Luise Brechenmacher: Beethoven - Ein Leben ist eine Produktion für Kinder ab zehn Jahren, hat das Ihren Entwurfsprozess beeinflusst?
Verena Hemmerlein: Nein, denn unser Beethoven ist gar nicht so explizit für Kinder gedacht. Er ist auch für erwachsenes Publikum! Ich persönlich arbeite für Kinder gar nicht so viel anders als für Erwachsene. Nur, dass die Themen von Kinderstücken oft sehr fantasievoll sind. Bei Beethoven haben wir hingegen ein historisches und realistisches Thema. Vom Entwurf her bin ich niemand, der Kindertheater bunter gestaltet, als jedes andere Stück. Ich denke, man muss sich davor hüten, nur weil es ein Kinderstück ist, in Klamauk abzudriften.
LB: Wie kamen Sie eigentlich zur Produktion?
VH: Der Kontakt mit dem ATZE Musiktheater kam auf meine Initiative zustande. Ich habe lange in Berlin gewohnt und mir irgendwann gesagt, ich bin so viel unterwegs, bin immer auf Reisen. Und in Berlin gibt's so viele Theater! Ich wollte einfach mal was vor Ort machen und das ATZE war mir sympathisch. Am Anfang meiner Berufslaufbahn habe ich einiges im Kinder- und Jugendtheater gemacht und dann lange Zeit nicht, weil oft die jüngeren Kolleg*innen dafür gebucht werden. Kinder sind ein tolles Publikum, weil sie so ehrlich sind. Das hat mir immer sehr Spaß gemacht. Ich habe dann einfach beschlossen, ich schreib’ mal dem Regisseur und Theaterleiter Thomas Sutter vom ATZE, ob der nicht Interesse hat, etwas mit mir zu machen. Prompt meldete er sich und dann haben wir 2019 Albirea zusammen gemacht. So kommt es, dass ich jetzt hier die Kostüme für Beethoven entwerfe.

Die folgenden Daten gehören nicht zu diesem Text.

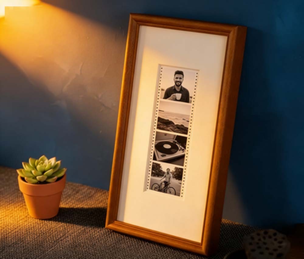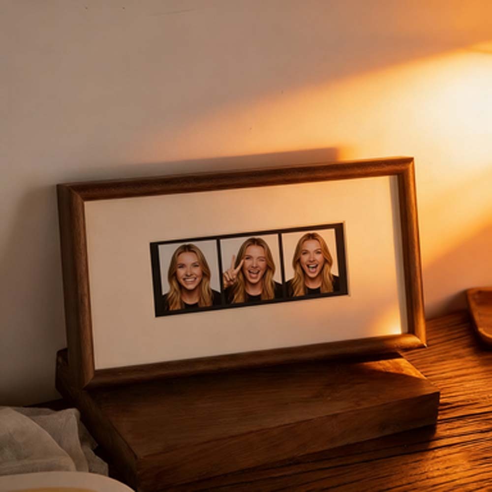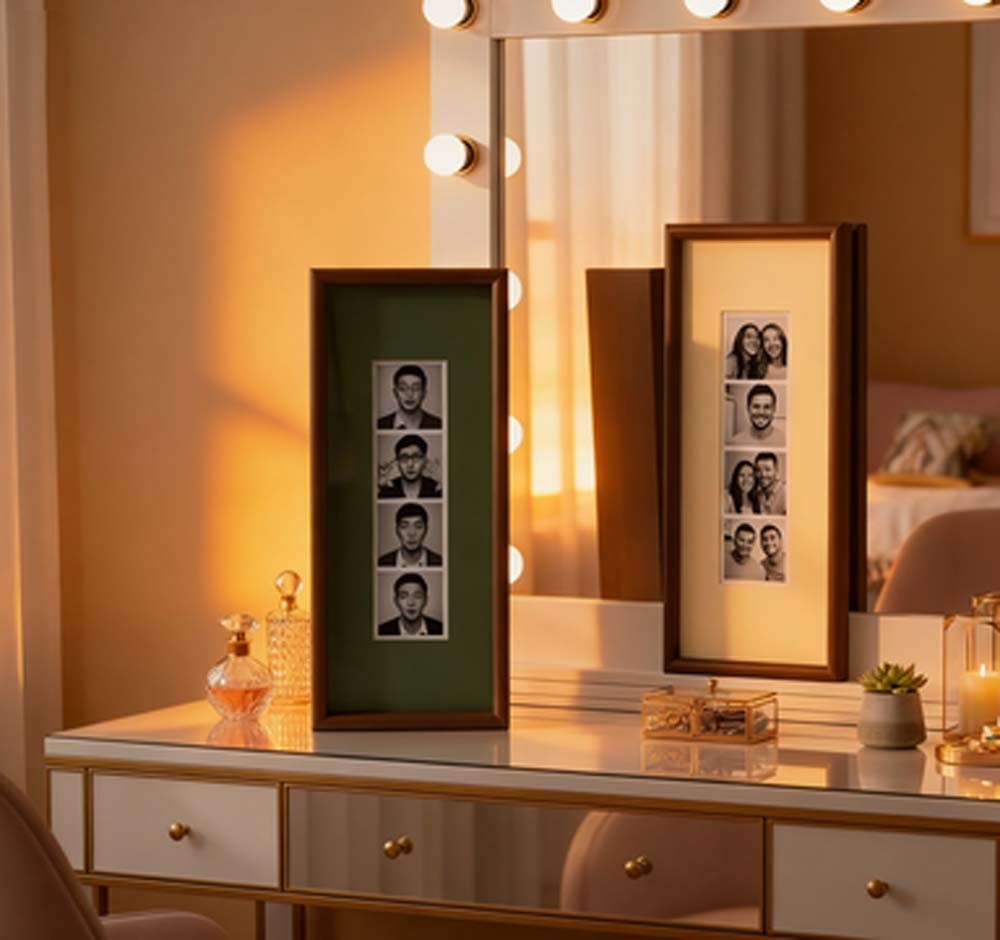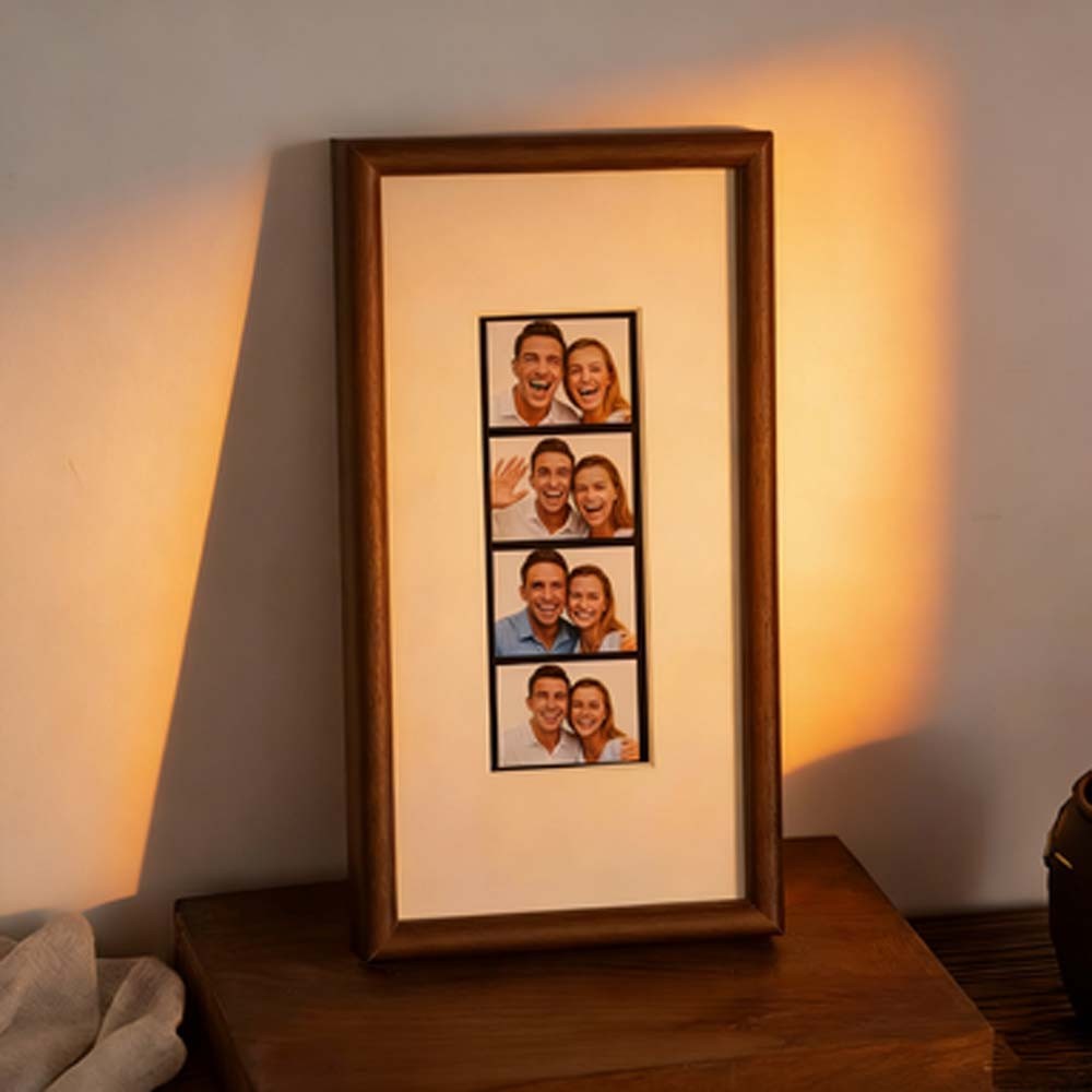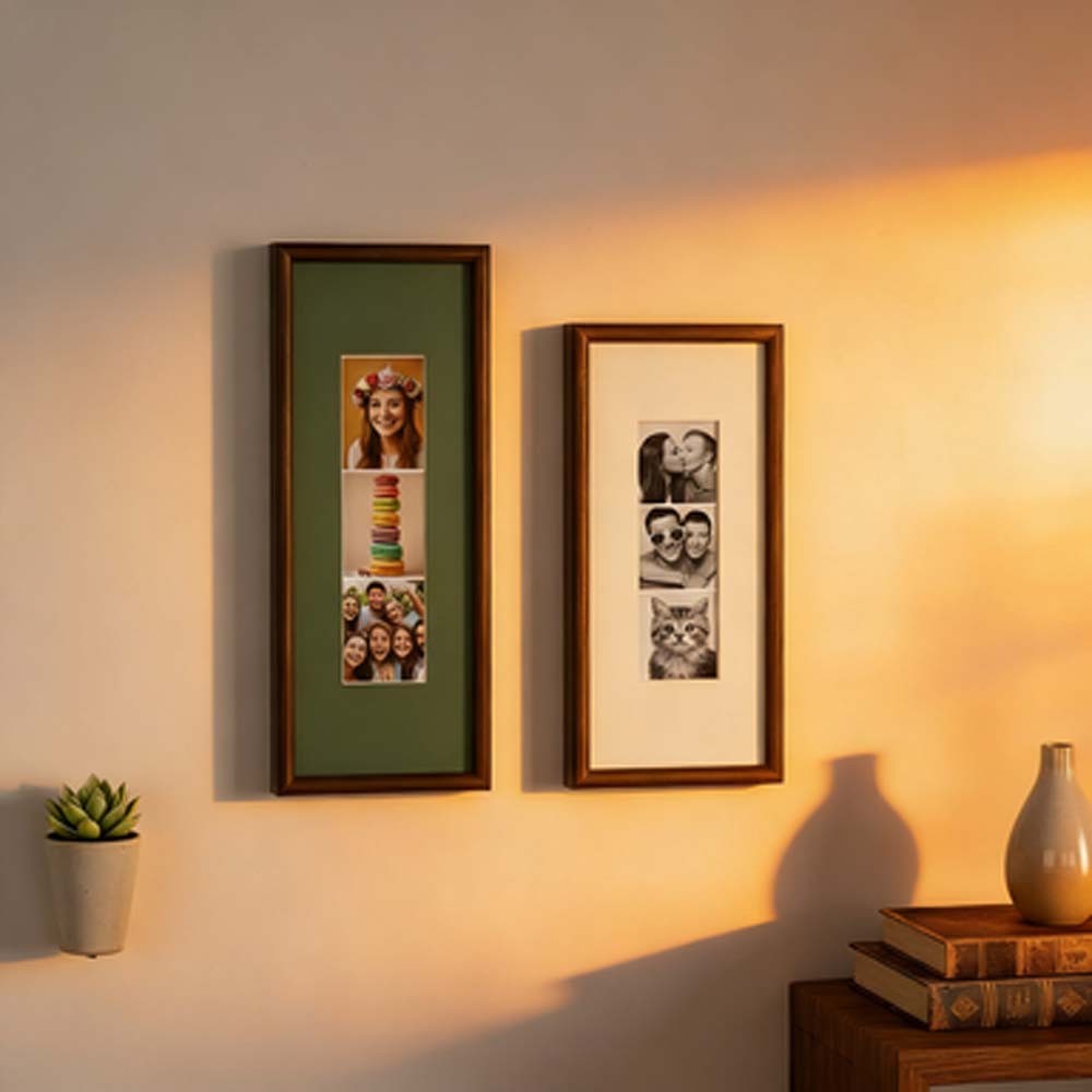 Its slim vertical silhouette naturally draws the eye upward, making it perfect for photobooth prints, Polaroid-style keepsakes, and other small sentimental photographs. The elongated format highlights each image in a clean, balanced way—turning simple photo strips into a refined wall display.
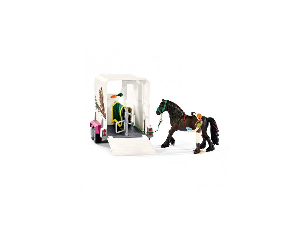 Tento detailní model s mnoha pečlivě vytvořenými prvky má odnímatelnou střechu, v přívěsu je prostor pro 2 koně, pro sedlo, uzdu, krmivo a pitnou vodu. Obsahuje všechno zobrazené příslušenství včetně koně, dvou osob a samolepek pro vyzdobení přívěsu. Rozměr: 51,5 x 14,5 x 12,5 cm. Rozměr balení: 39 x 23 x 16,5 cm. Nevhodné pro děti do 3 let. Doporučený věk: 5-12
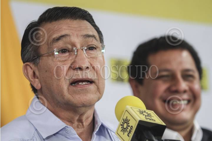 CIUDAD DE MÉXICO, 24JUNIO2016.- Agustín Basave, presidente nacional del PRD acompañado del gobernador electo de Quintana Roo, Carlos Manuel Joaquín ofreció una conferencia de prensa al termino de la reunión que sostuvieron con la dirigencia del sol azteca. FOTO: SAÚL LÓPEZ /CUARTOSCURO.COM
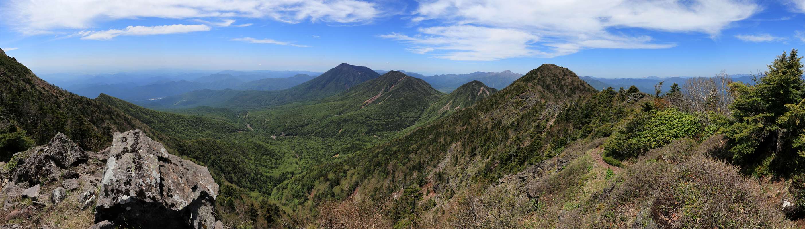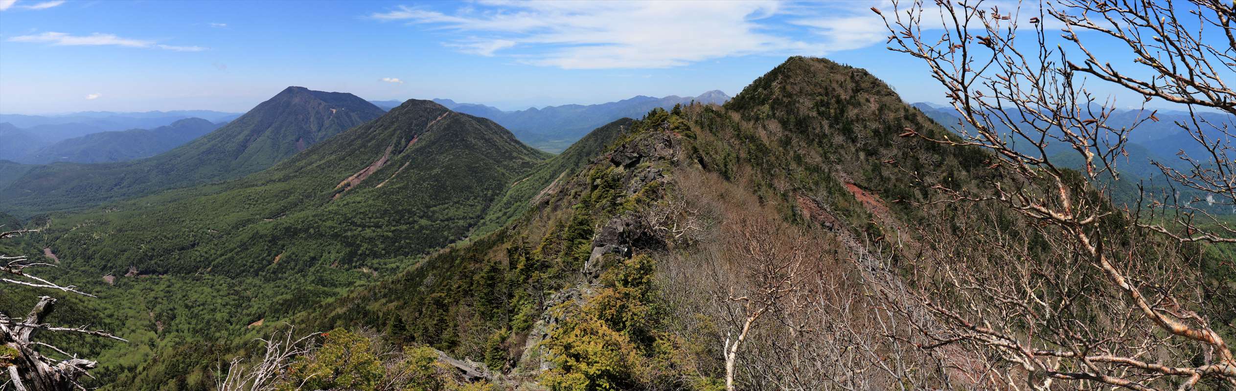 正面には帝釈山、小真名子山、大真名子山、男体山と順々に続く。帝釈山の背後には似たような山容の太郎山も。
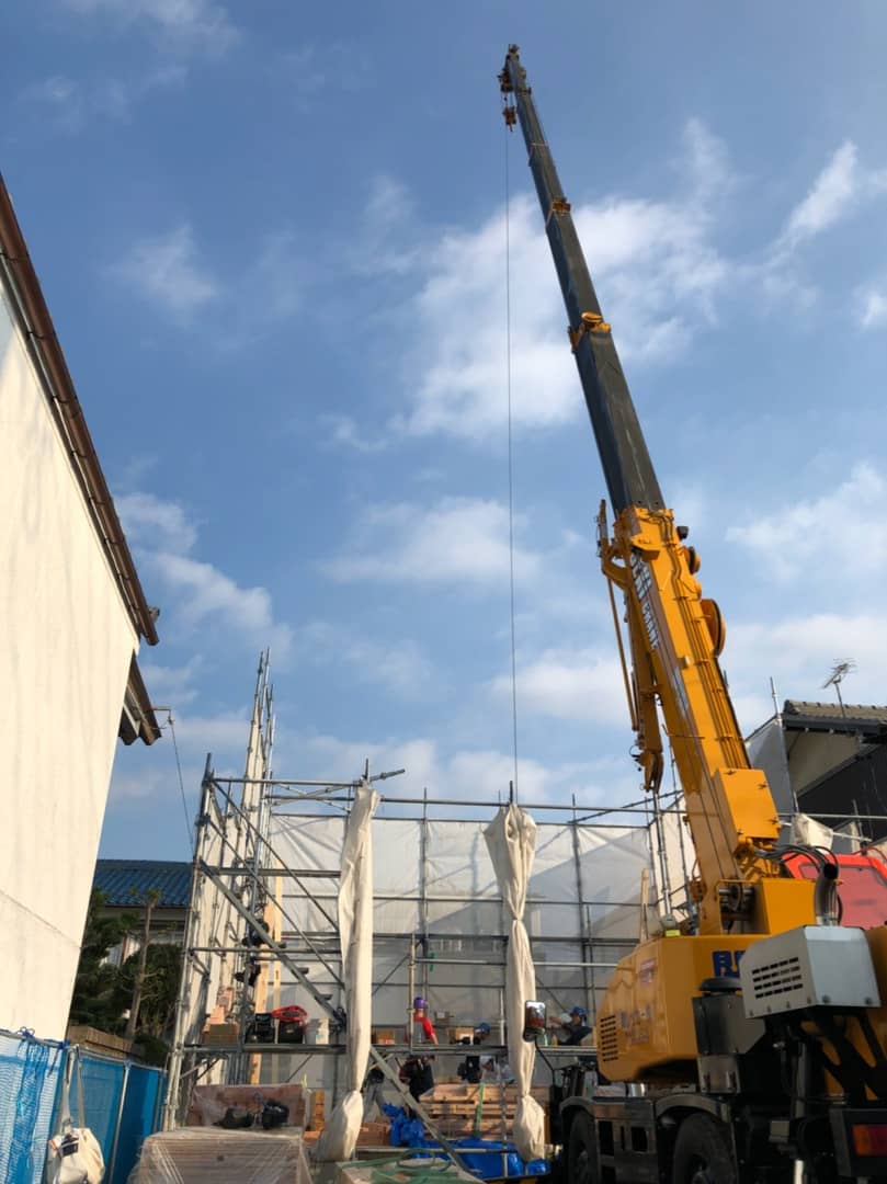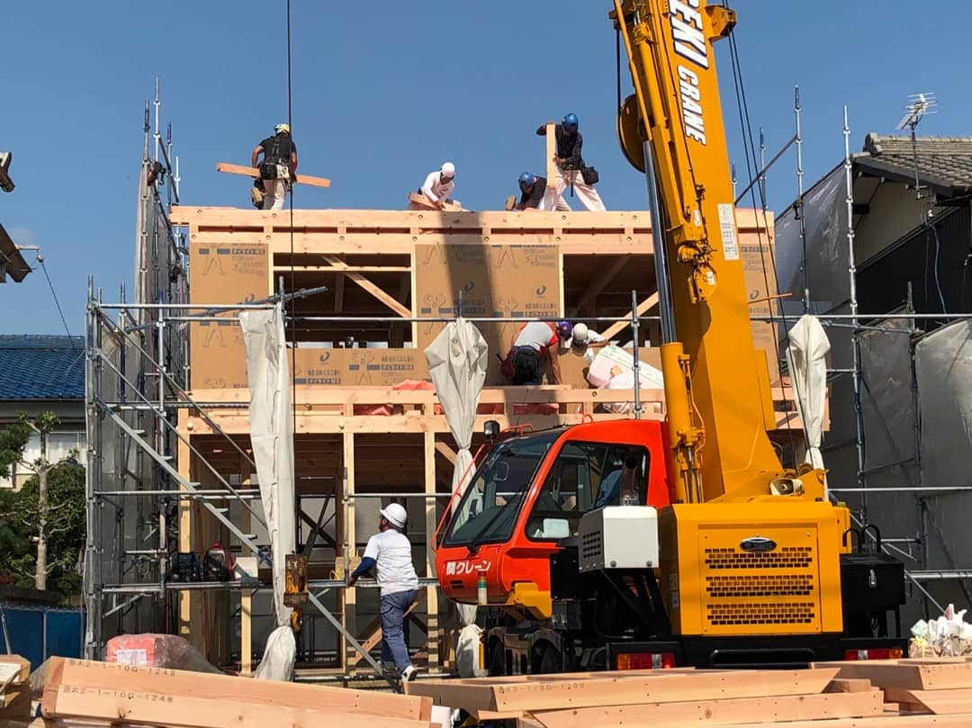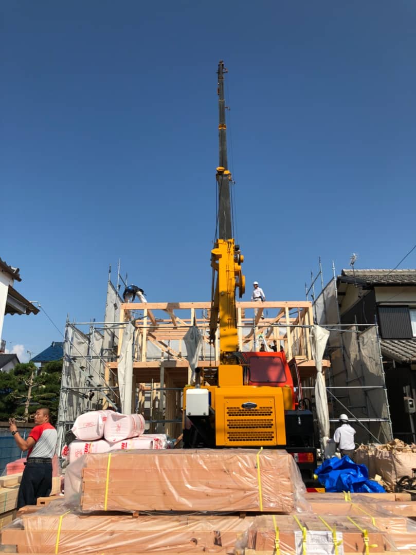 投稿日:2018.10.20 最終更新日:2018.10.20 岐阜市 N 様 上棟 昨日上棟しました 前日からソワソワワクワク 朝の8時頃。 娘はクレーン車に大興奮 10時半頃。 もう家っぽくなっとる ほんと、なんとも手際の良い事ったら。 あんな重い柱をひょいひょいとさ 見る見るうちに建ち上がって行くので、目が離せません 午前中の休憩の時、エムズのニューフェイスさんと一緒に2階に上がらせてもらいました。 足場登ったり梯子登ったり、年甲斐もなく浮かれてしまいました。 天気良くて何より。 カッコいいヘルメットあった。 椅子持ってきて一日中見ていたいくらいですが、 うちの2歳児がガタガタ言い出すので止む無く退散 12時くらい。 ここで私は出勤のため退散残念 何度も見た紙の上のお家が、目の前に出現しようとしてます。 モノを作るお仕事って、こんなに人をワクワクさせるお仕事ってほんといいなと羨ましく思いました。 ほんとにほんとにありがとうございました この記事をシェアする

LB: Beethoven - Ein Leben ist das erste Gastspiel des ATZE in der Deutschen Oper Berlin. Wie hat sich das Zusammenarbeiten der beiden Häuser auf ihre Arbeit als Kostümbildnerin ausgewirkt?
VH: Wir konnten auf den Fundus der Deutschen Oper zurückzugreifen und einige Stücke abkaufen. So hatten wir eine sehr gute Basis für das Kostüm, was wahnsinnig wertvoll ist, weil das ATZE Musiktheater keine Schneiderei hat. Wir müssen Anfertigungen entweder extern vergeben oder selbst herstellen und und das ist natürlich ein großer Kostenfaktor. Es ist ein großes Privileg an deutschen Stadt- und Staatstheatern nur den Materialetat berechnen zu müssen und eigene Werkstätten mit einer gewissen Stundenzahl pro Produktion zur Verfügung stehen zu haben. Für Beethoven - Ein Leben hatten wir für die Schneiderarbeiten - Neuanfertigungen und Änderungen aller Art - eine sehr schöne Zusammenarbeit mit dem Atelier Charlotte Pocher.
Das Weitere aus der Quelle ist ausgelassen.